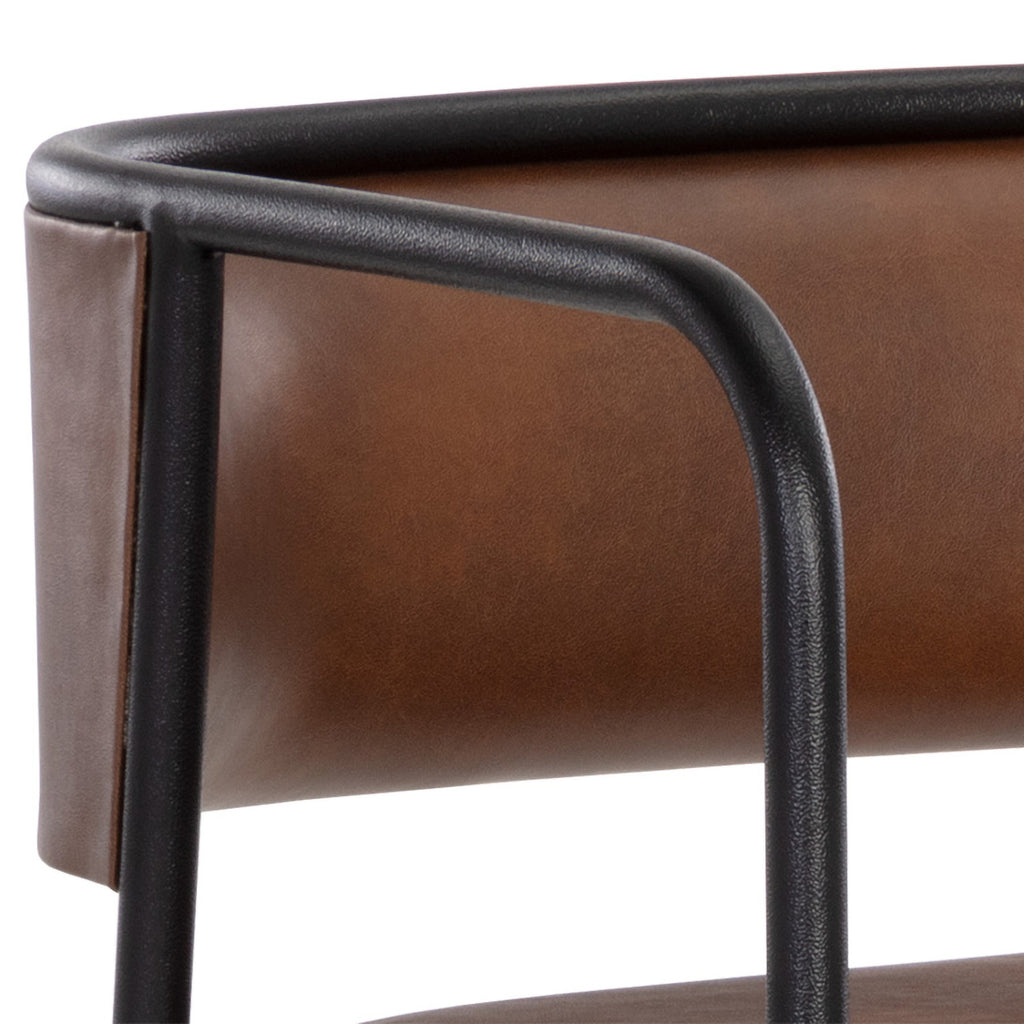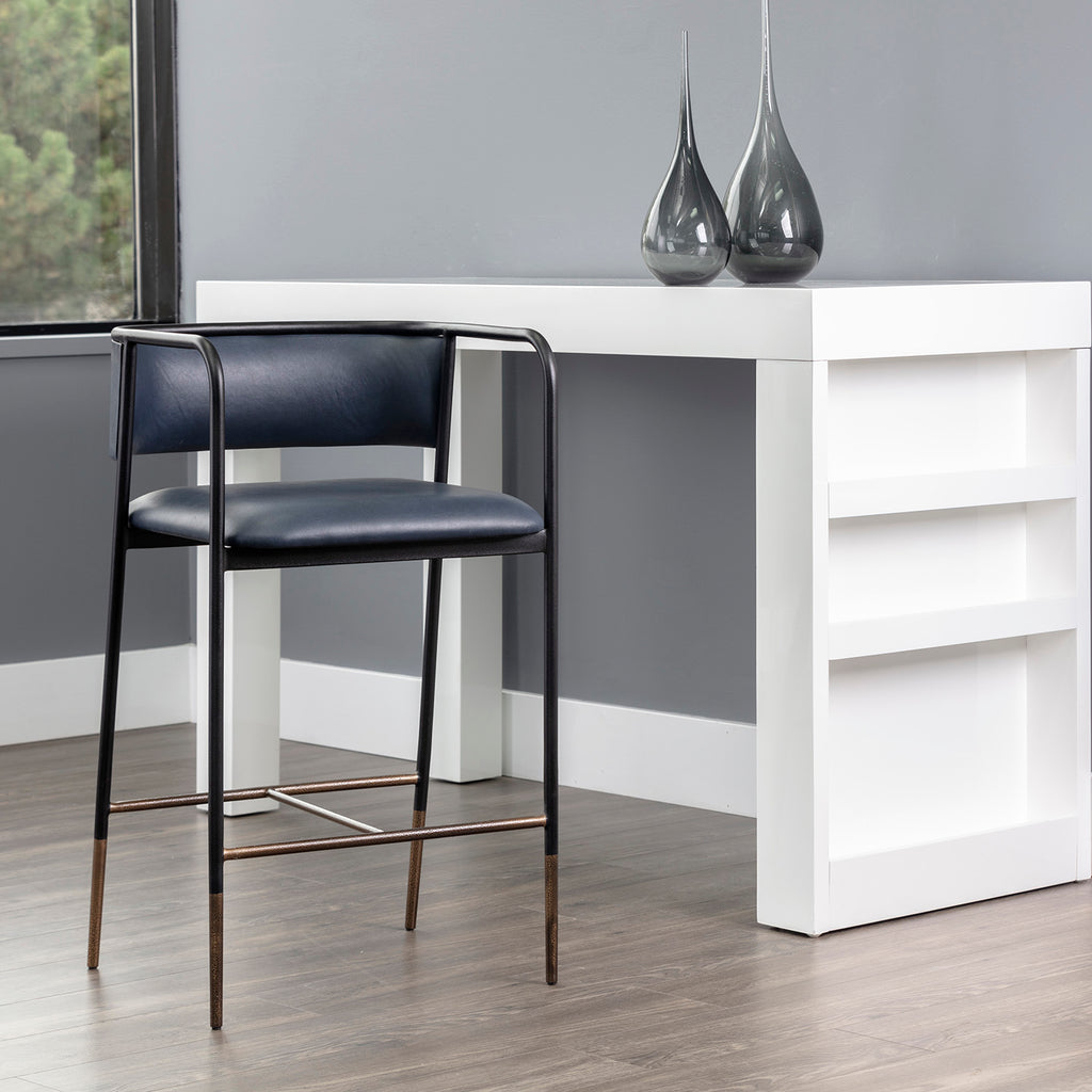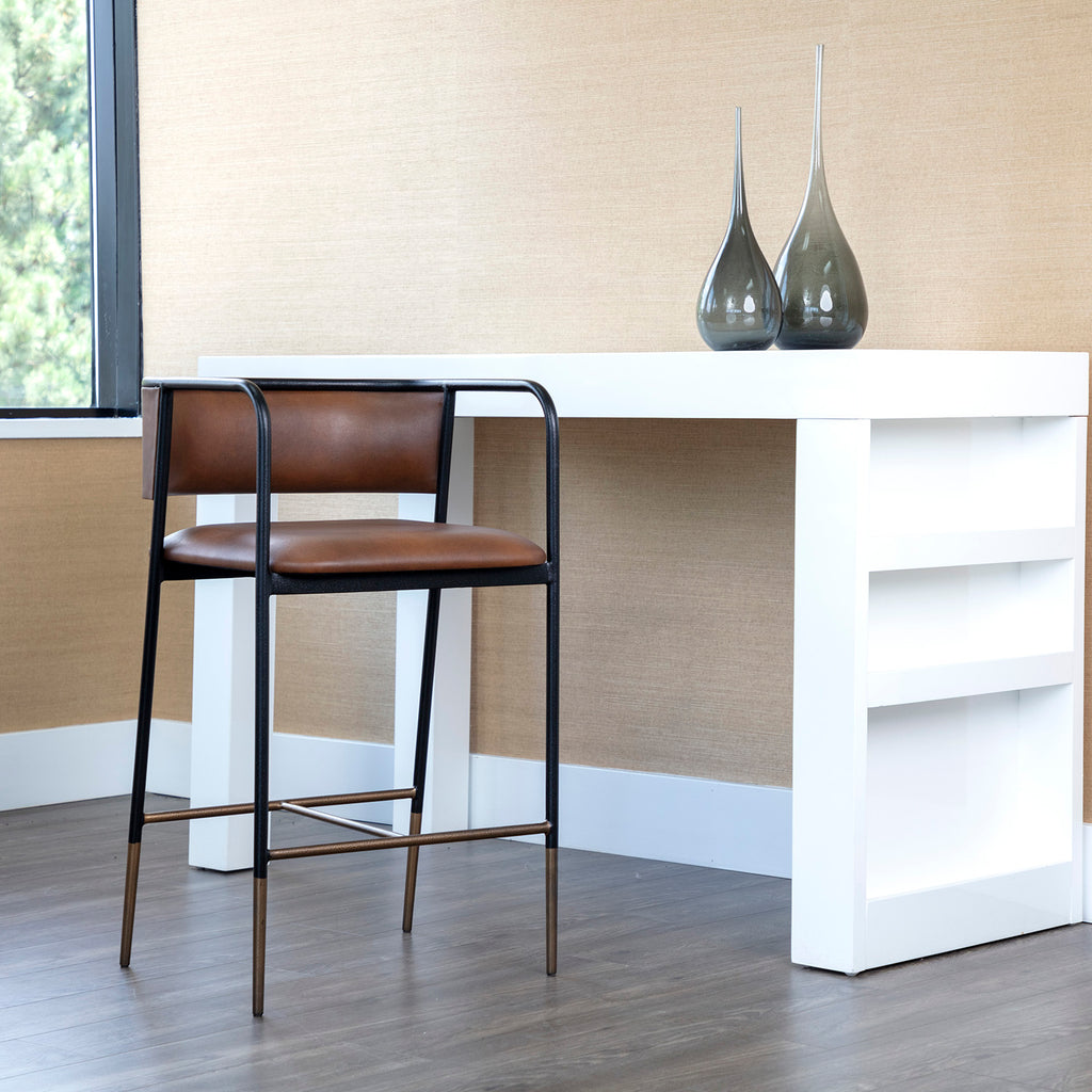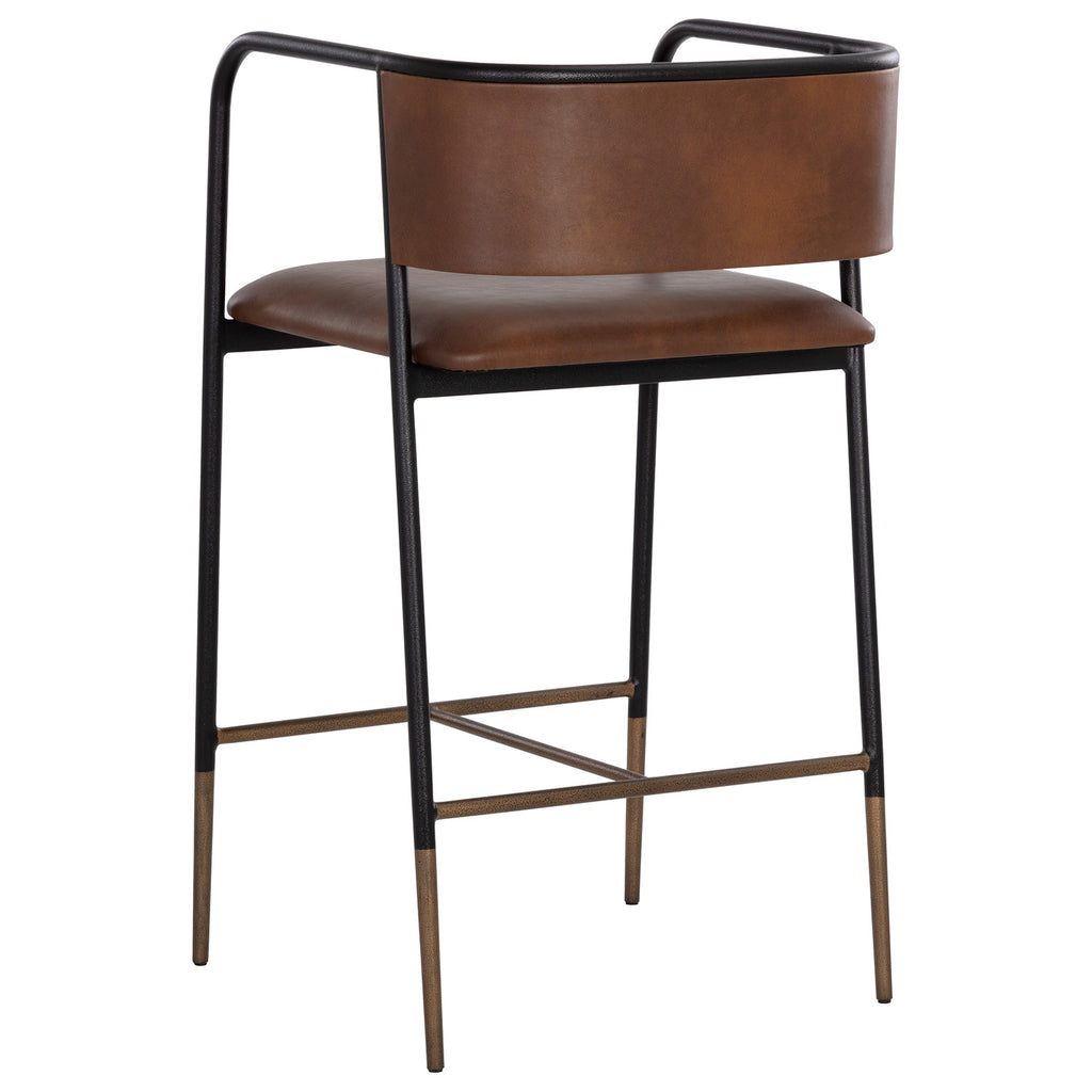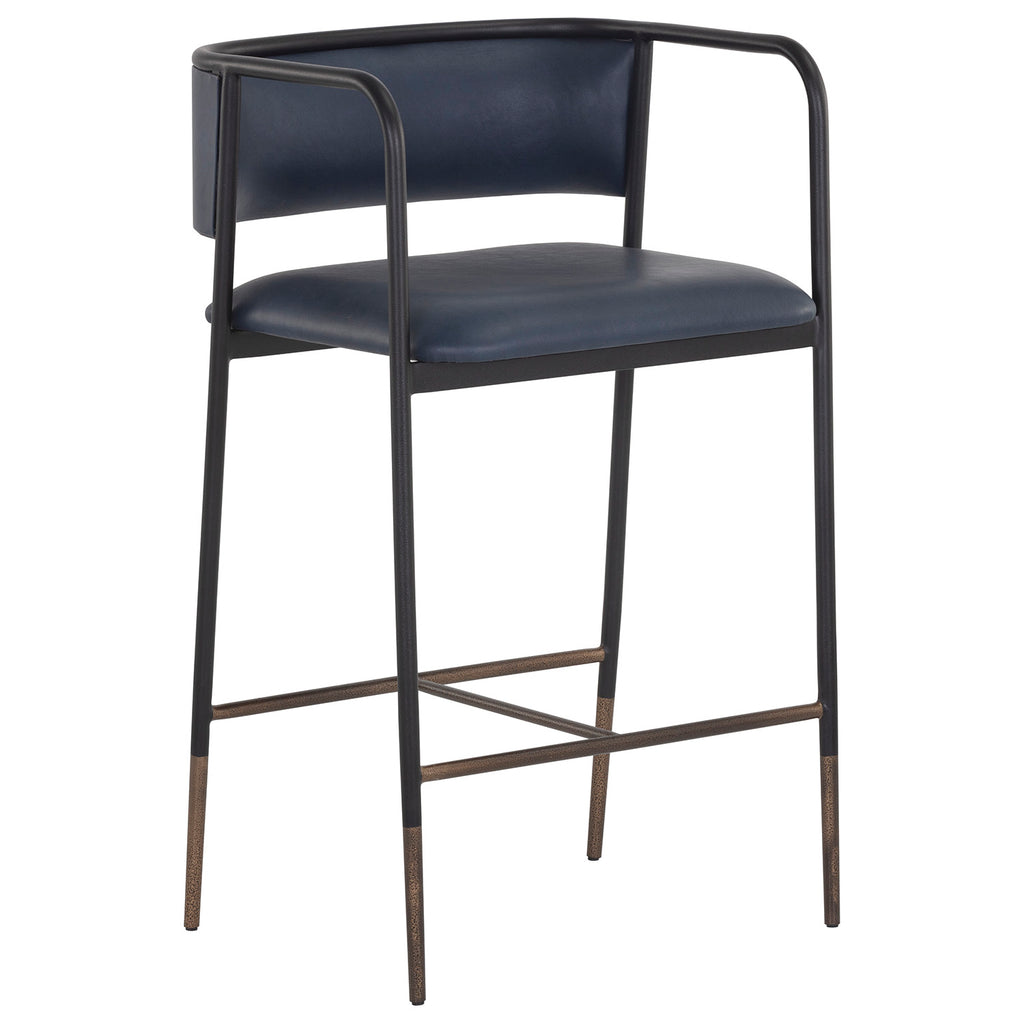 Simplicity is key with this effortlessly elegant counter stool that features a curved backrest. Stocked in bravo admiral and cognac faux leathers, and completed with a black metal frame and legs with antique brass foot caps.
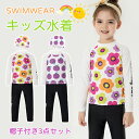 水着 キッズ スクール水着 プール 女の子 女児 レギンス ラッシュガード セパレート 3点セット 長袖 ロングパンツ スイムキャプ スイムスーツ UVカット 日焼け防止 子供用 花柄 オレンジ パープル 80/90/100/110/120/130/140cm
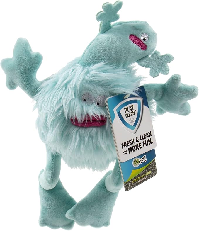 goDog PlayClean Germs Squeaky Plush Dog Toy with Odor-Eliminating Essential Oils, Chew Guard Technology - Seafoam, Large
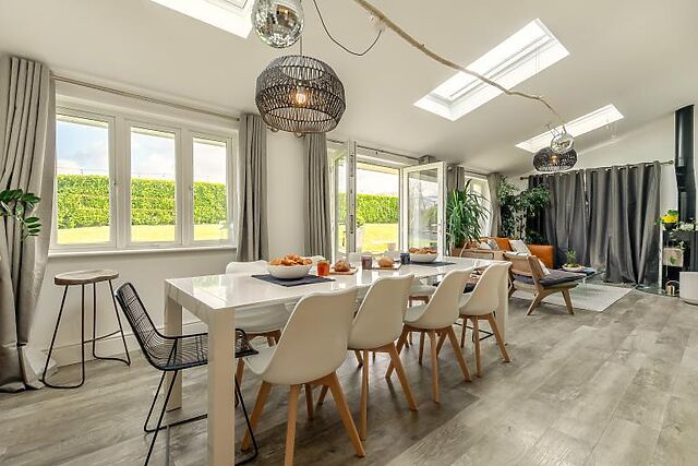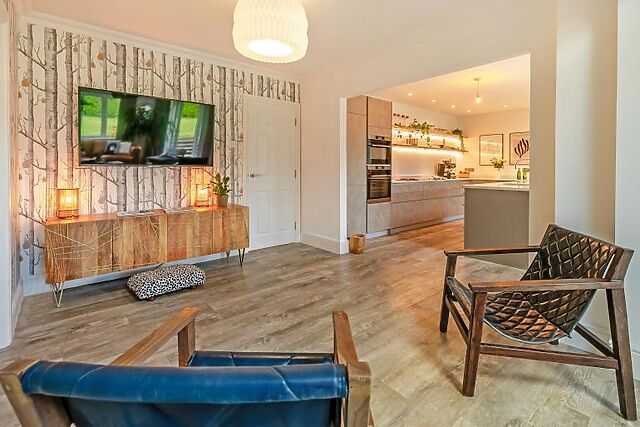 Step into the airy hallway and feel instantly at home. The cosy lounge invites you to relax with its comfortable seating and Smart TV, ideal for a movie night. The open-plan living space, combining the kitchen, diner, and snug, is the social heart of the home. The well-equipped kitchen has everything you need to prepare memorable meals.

+ + +

# What the task requires
Pictures should not appear; only the lines from the start of the listing above to the line containing "goDog PlayClean Germs", both ends included, are to be repeated exactly.

# Written answer
 Simplicity is key with this effortlessly elegant counter stool that features a curved backrest. Stocked in bravo admiral and cognac faux leathers, and completed with a black metal frame and legs with antique brass foot caps.
 水着 キッズ スクール水着 プール 女の子 女児 レギンス ラッシュガード セパレート 3点セット 長袖 ロングパンツ スイムキャプ スイムスーツ UVカット 日焼け防止 子供用 花柄 オレンジ パープル 80/90/100/110/120/130/140cm
 goDog PlayClean Germs Squeaky Plush Dog Toy with Odor-Eliminating Essential Oils, Chew Guard Technology - Seafoam, Large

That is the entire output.